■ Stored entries
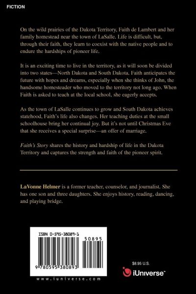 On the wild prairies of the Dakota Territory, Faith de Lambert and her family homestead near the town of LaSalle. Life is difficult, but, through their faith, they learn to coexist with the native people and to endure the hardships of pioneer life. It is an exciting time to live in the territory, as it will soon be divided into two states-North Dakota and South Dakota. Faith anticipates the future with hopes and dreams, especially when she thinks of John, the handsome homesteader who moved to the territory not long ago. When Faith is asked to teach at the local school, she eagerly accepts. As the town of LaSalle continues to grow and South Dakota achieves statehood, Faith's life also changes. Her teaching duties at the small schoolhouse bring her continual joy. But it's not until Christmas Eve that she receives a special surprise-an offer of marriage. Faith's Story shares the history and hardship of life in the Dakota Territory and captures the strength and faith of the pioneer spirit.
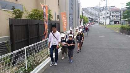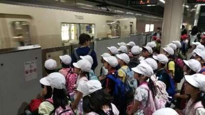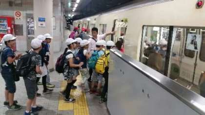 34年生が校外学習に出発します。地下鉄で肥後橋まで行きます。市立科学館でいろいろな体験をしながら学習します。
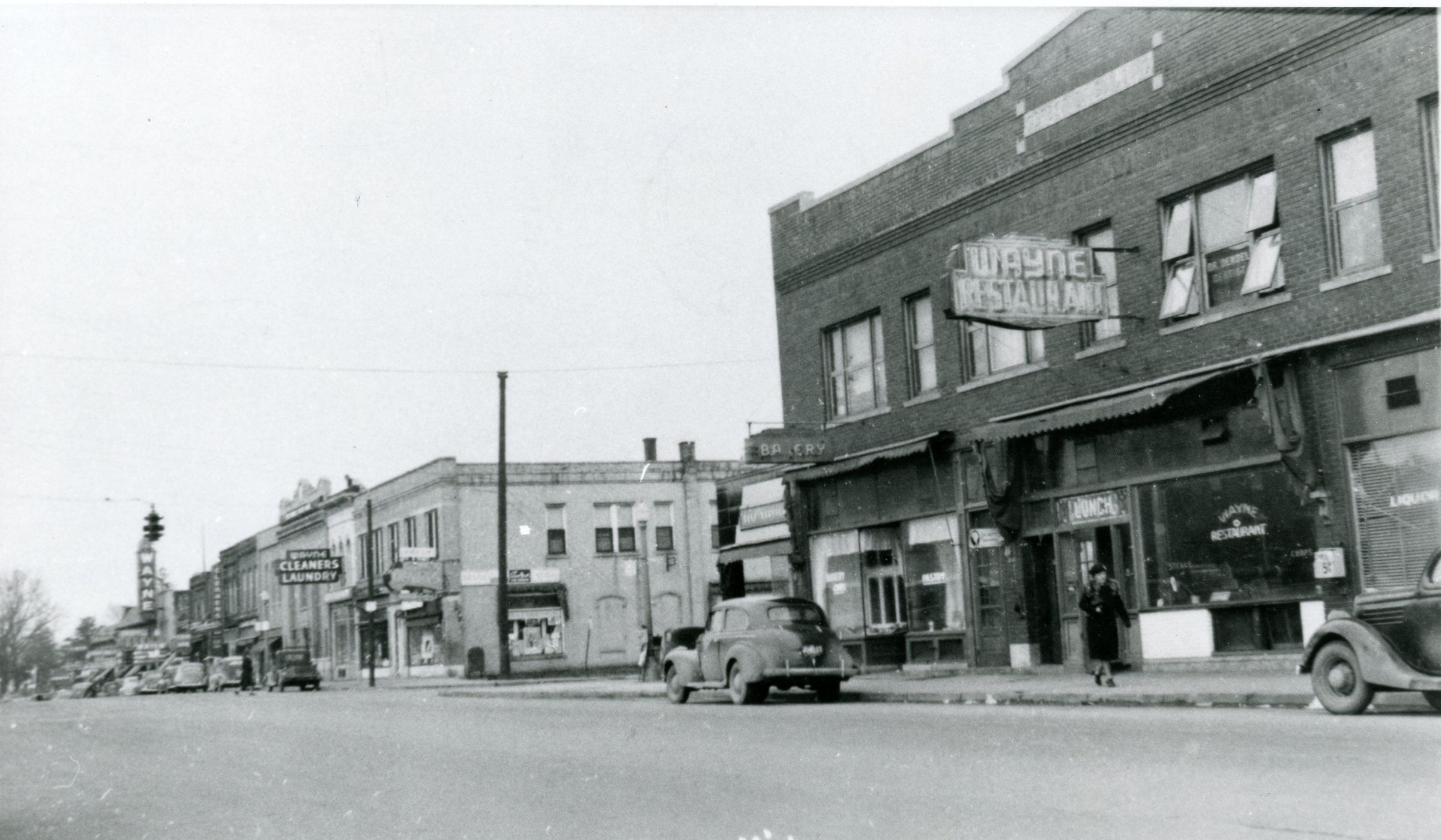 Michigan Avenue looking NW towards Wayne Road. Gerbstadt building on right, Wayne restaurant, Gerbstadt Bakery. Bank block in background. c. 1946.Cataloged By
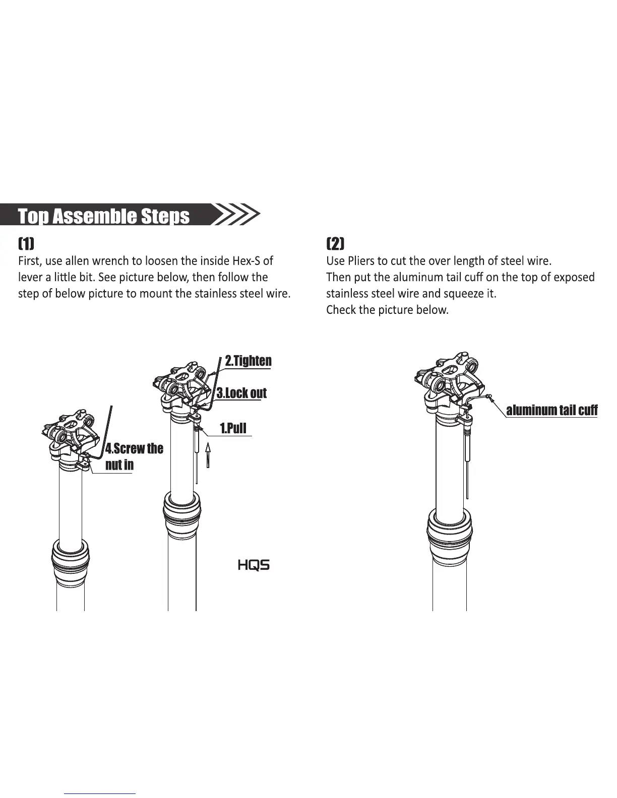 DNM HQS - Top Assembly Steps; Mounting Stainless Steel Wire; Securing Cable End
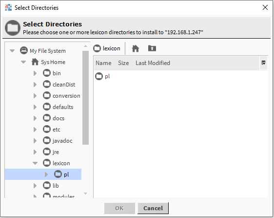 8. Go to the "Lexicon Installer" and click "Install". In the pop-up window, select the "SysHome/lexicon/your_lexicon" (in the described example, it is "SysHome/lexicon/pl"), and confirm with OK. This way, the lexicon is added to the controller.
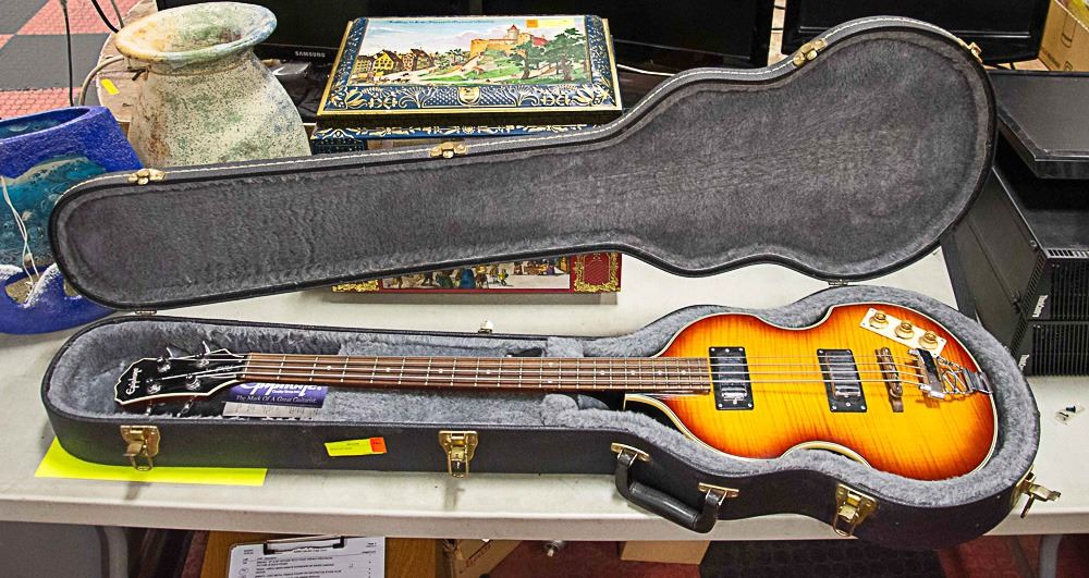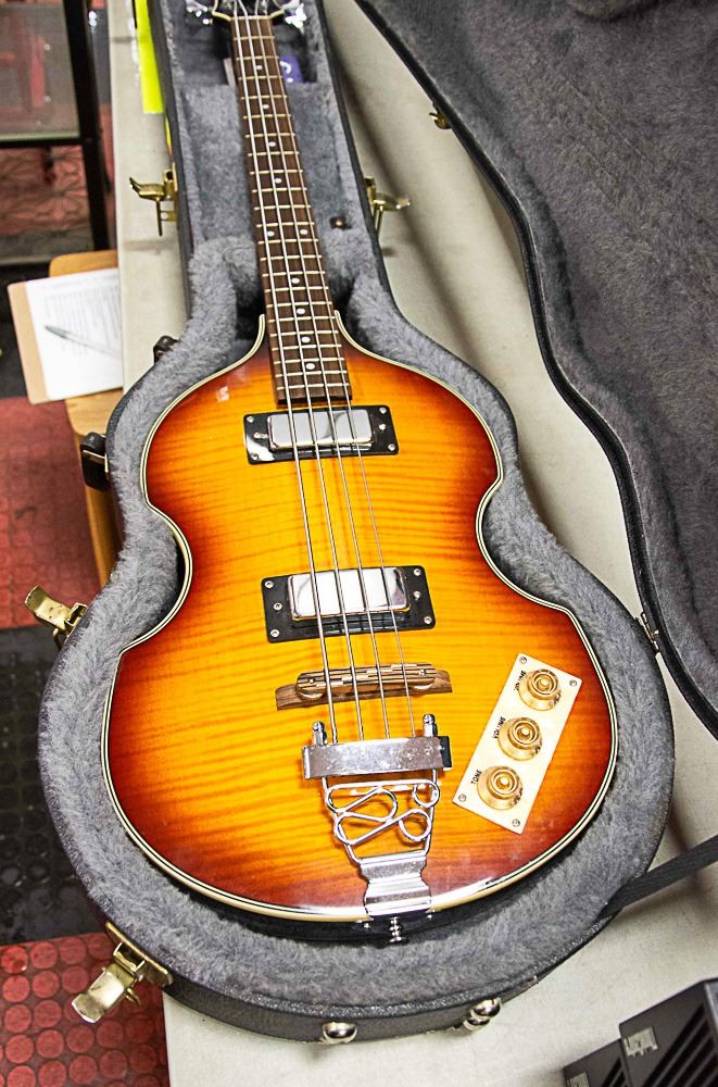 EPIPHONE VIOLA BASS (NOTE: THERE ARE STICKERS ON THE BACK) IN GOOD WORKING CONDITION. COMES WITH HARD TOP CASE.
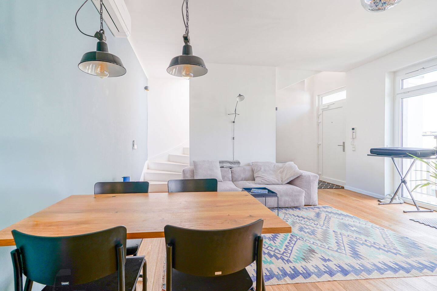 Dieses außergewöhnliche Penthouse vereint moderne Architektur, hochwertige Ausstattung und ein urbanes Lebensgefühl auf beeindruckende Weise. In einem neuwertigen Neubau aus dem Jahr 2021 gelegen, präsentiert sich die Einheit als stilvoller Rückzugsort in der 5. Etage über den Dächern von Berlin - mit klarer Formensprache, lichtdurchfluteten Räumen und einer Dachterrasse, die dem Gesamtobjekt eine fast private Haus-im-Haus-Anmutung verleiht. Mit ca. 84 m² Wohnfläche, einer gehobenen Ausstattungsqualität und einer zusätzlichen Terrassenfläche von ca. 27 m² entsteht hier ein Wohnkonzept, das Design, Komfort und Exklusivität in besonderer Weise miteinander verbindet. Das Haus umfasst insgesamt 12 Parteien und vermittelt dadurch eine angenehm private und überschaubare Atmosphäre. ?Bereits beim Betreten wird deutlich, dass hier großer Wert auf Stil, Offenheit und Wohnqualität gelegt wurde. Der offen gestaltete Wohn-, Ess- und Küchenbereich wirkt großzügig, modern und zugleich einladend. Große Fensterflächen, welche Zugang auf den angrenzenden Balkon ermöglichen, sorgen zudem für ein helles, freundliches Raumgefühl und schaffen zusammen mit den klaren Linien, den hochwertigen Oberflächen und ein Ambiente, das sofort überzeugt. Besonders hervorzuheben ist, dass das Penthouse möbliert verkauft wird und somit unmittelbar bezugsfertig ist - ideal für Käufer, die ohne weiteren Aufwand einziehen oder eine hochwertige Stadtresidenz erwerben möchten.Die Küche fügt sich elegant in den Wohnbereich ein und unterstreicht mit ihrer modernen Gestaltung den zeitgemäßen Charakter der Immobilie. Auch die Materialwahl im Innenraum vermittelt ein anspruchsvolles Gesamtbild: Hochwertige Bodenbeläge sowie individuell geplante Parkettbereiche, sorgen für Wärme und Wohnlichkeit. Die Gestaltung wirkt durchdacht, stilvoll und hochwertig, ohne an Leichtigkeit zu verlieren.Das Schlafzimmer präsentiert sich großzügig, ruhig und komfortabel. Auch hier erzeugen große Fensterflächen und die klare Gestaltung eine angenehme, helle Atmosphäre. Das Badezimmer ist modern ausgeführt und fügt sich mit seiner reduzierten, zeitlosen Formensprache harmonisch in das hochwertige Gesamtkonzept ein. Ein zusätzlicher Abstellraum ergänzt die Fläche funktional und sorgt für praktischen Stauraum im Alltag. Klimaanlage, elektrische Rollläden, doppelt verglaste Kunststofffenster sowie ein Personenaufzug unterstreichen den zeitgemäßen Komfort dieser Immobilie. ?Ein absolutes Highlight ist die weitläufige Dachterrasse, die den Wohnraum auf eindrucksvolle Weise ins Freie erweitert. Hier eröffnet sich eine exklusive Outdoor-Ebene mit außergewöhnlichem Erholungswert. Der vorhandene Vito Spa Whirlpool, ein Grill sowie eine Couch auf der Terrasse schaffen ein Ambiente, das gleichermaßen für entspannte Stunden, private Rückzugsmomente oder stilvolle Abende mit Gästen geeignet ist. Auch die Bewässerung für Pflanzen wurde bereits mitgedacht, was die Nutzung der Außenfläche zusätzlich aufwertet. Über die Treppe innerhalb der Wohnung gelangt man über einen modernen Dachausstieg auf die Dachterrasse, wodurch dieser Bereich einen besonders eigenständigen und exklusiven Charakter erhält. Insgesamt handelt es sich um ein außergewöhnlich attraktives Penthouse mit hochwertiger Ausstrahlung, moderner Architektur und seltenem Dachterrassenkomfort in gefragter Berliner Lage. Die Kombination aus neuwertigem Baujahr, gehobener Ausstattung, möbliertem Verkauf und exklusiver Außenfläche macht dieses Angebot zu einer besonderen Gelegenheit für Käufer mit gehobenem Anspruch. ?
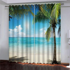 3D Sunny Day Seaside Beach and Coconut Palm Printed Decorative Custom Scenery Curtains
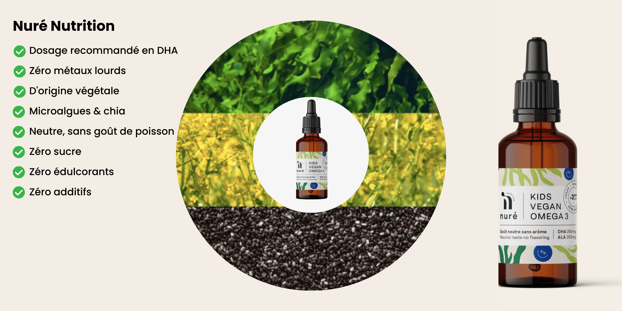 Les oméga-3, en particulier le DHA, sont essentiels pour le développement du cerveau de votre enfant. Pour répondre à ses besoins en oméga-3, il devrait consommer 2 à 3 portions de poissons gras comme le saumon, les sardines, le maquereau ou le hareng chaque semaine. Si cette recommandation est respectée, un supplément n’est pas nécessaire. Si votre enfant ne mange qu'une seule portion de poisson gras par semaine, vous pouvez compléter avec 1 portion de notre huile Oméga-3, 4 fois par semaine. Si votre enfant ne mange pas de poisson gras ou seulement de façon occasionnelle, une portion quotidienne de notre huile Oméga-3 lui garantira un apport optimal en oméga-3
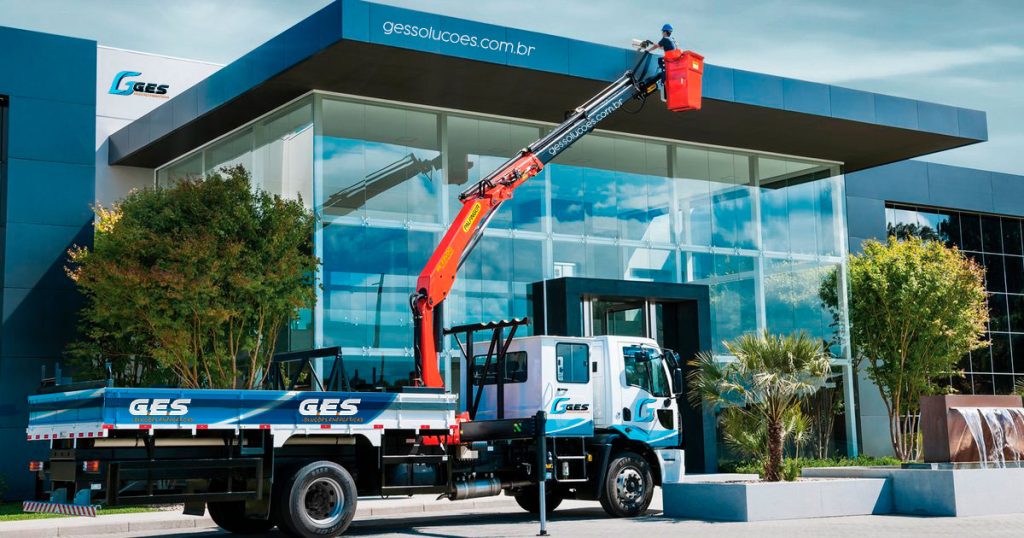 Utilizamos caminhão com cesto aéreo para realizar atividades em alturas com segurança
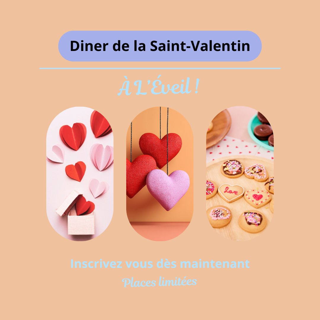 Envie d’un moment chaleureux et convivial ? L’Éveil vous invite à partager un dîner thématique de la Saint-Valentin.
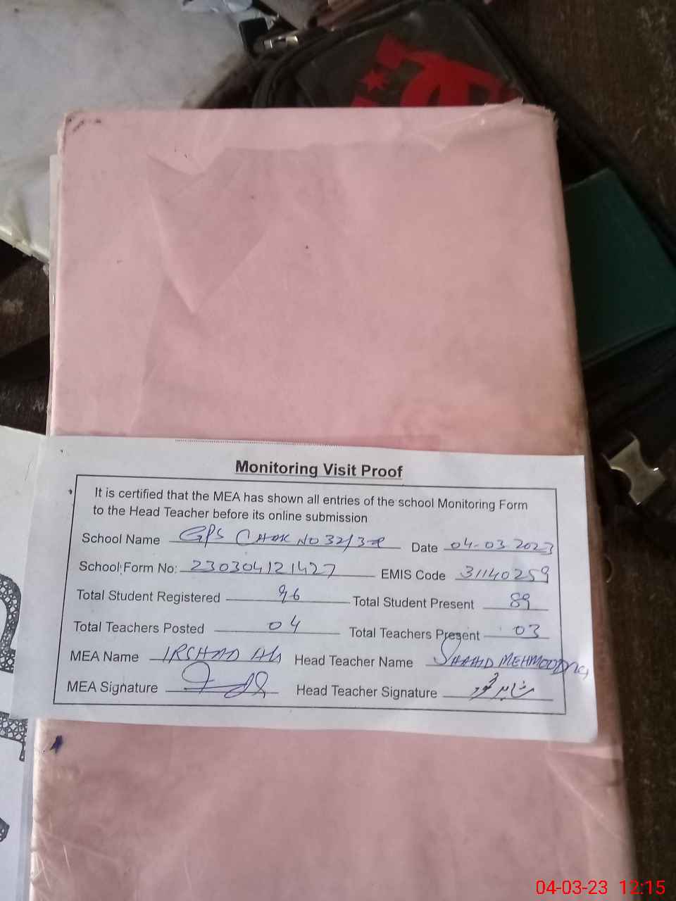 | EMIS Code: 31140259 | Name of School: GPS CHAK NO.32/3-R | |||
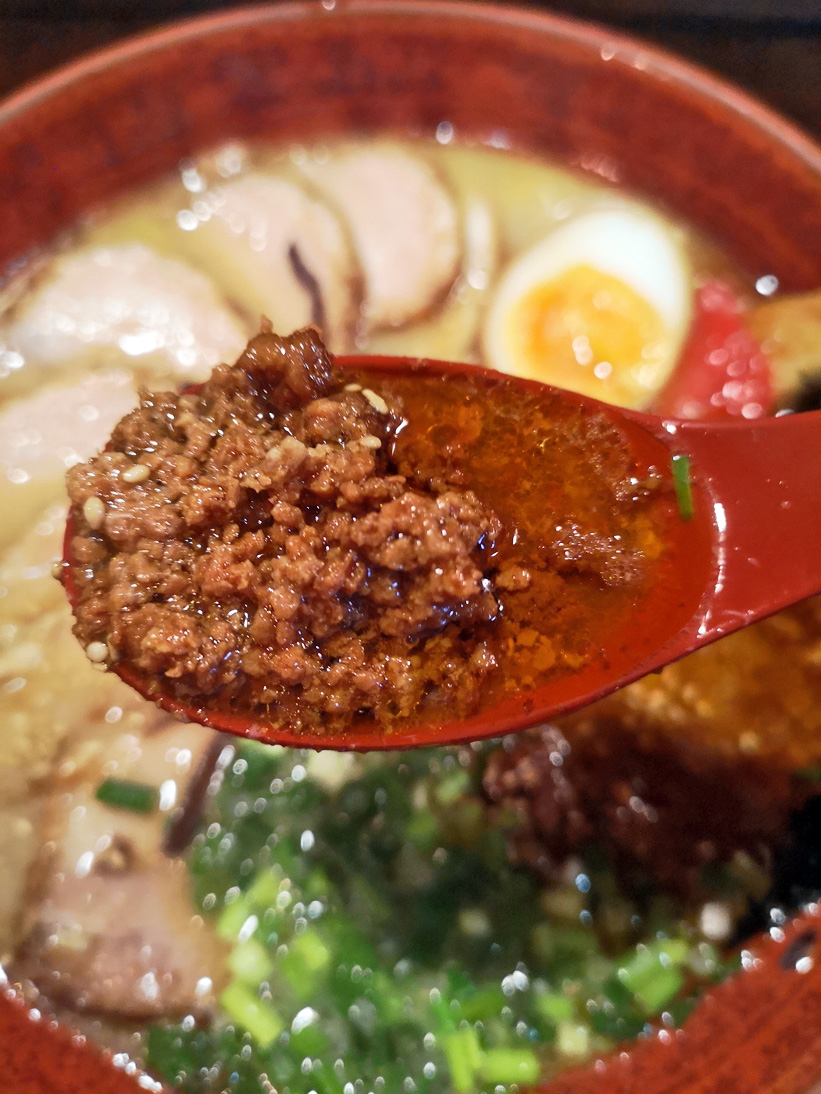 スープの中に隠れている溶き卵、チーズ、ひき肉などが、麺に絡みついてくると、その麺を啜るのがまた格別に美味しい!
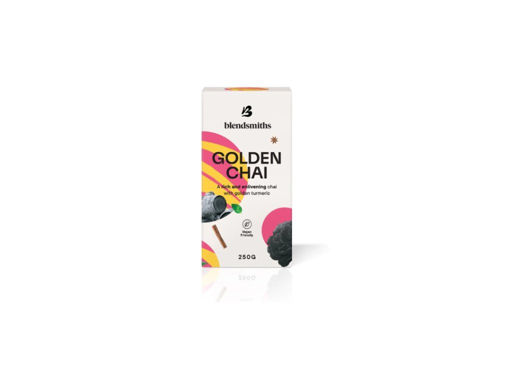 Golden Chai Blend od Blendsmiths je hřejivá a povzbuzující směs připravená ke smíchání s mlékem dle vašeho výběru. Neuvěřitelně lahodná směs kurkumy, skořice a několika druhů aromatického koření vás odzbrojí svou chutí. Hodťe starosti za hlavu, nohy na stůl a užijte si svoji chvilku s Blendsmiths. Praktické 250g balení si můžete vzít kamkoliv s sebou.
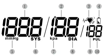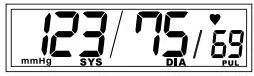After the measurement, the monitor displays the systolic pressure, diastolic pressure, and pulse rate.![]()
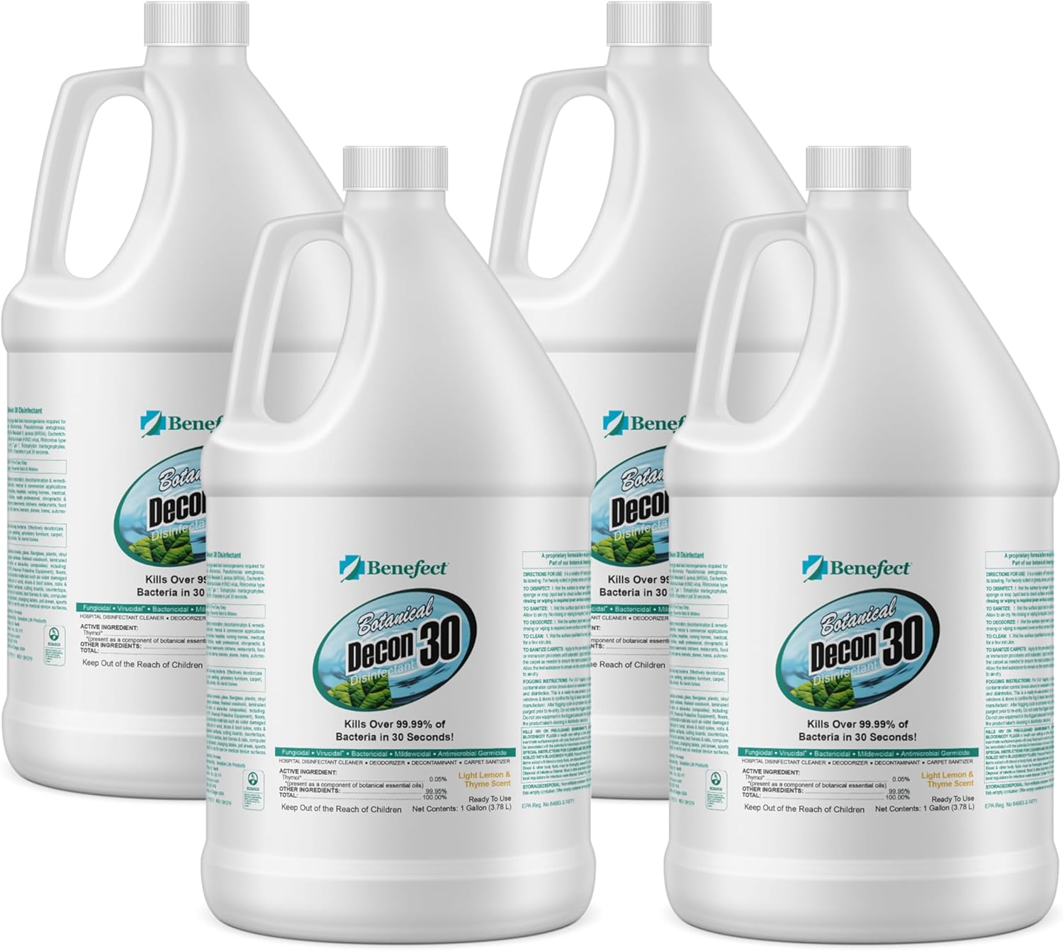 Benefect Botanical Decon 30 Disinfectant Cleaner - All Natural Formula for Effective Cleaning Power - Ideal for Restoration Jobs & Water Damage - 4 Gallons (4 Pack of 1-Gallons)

■ TASK GOAL
For the data above, set down exactly the lines from the line with "DNM HQS - Top" to the line with "8. Go to the", both included, leaving pictures out.

■ FINISHED TASK
 DNM HQS - Top Assembly Steps; Mounting Stainless Steel Wire; Securing Cable End
 8. Go to the "Lexicon Installer" and click "Install". In the pop-up window, select the "SysHome/lexicon/your_lexicon" (in the described example, it is "SysHome/lexicon/pl"), and confirm with OK. This way, the lexicon is added to the controller.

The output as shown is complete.